◆ **Task brief**
Below this line is a listing that includes pictures. Copy exactly, and only, the lines from the one containing "インターネットの入口には最新のUTM(FortiGate)を導入し、社内" through the one containing "フライパンにバターを入れて中火で熱します。"; the pictures do not go in the copy.

◆ **Provided material**
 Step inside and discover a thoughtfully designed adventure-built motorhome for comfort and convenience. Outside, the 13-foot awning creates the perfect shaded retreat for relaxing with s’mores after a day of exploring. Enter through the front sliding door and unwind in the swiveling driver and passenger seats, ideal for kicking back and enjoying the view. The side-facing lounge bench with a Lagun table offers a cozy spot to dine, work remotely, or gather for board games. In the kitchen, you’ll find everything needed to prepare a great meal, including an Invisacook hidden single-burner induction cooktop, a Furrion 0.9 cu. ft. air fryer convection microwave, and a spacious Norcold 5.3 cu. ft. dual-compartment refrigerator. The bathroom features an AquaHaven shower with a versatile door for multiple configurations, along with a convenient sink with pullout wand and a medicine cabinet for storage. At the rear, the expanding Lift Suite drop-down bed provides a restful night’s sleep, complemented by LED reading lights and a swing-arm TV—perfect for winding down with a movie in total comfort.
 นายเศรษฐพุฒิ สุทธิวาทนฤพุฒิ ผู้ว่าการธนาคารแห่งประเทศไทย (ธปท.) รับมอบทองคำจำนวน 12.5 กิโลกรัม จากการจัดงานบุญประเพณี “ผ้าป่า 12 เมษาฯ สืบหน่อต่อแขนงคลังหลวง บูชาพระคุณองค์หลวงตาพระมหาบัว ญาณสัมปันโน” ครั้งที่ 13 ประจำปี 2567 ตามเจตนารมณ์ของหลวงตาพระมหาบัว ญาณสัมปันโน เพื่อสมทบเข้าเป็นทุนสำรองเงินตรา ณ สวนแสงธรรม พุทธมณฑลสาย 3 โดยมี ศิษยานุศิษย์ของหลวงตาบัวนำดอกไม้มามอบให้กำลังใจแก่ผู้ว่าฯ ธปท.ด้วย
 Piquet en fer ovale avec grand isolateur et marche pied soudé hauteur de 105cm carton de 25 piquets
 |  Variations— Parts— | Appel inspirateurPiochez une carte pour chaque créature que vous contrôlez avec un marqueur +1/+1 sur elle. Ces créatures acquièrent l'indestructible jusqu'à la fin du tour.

...

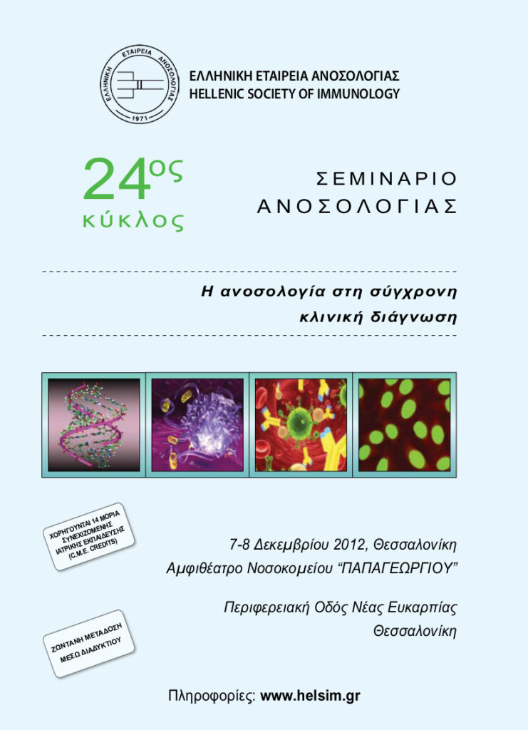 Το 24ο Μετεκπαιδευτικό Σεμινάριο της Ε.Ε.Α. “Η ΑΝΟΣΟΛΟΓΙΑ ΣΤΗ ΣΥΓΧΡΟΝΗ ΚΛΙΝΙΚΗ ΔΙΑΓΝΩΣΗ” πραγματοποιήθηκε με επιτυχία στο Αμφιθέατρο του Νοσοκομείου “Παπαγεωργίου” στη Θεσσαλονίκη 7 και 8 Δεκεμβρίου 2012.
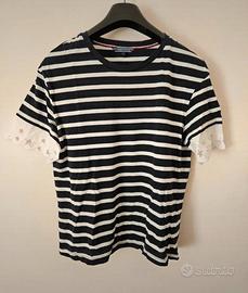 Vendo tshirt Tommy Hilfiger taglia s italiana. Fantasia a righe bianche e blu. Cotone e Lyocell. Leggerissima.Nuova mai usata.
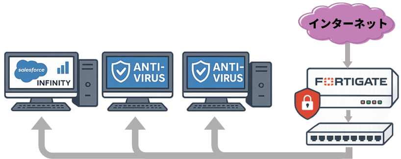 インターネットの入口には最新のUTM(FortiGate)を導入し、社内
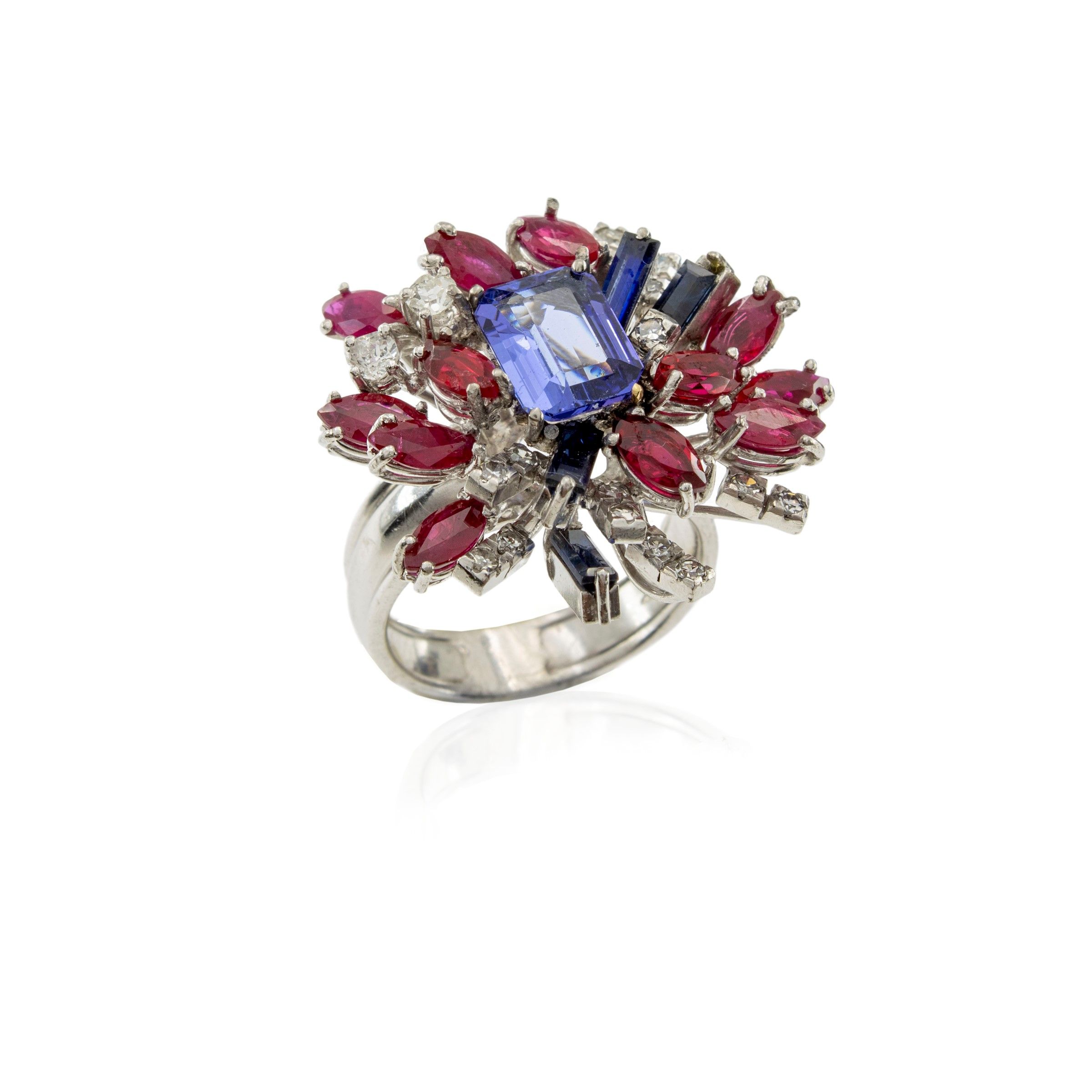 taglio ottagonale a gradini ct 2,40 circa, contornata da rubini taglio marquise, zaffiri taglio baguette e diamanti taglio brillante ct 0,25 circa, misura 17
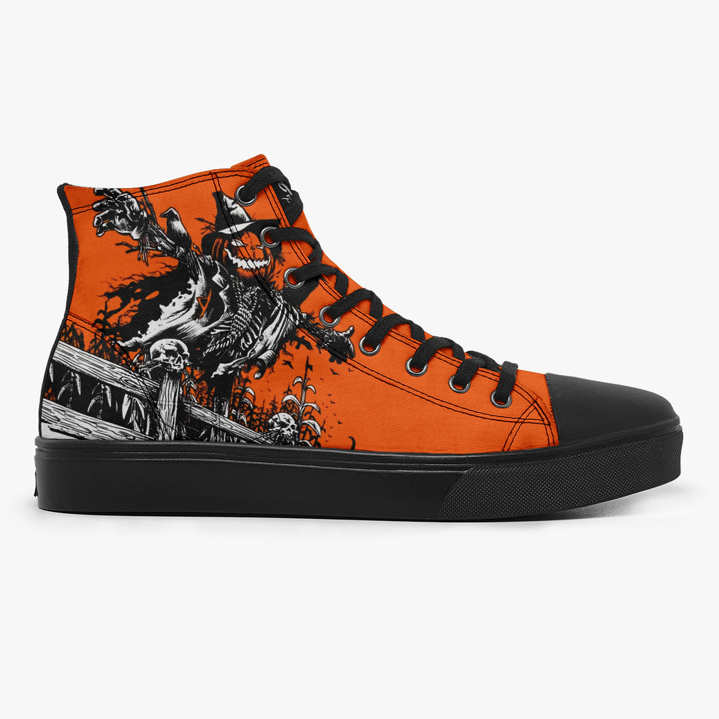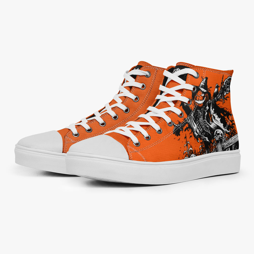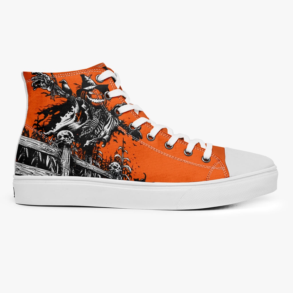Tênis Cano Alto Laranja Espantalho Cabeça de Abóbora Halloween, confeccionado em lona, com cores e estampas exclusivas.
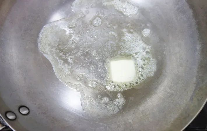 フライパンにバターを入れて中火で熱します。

◆ **Result for this task**
 インターネットの入口には最新のUTM(FortiGate)を導入し、社内
 taglio ottagonale a gradini ct 2,40 circa, contornata da rubini taglio marquise, zaffiri taglio baguette e diamanti taglio brillante ct 0,25 circa, misura 17
Tênis Cano Alto Laranja Espantalho Cabeça de Abóbora Halloween, confeccionado em lona, com cores e estampas exclusivas.
 フライパンにバターを入れて中火で熱します。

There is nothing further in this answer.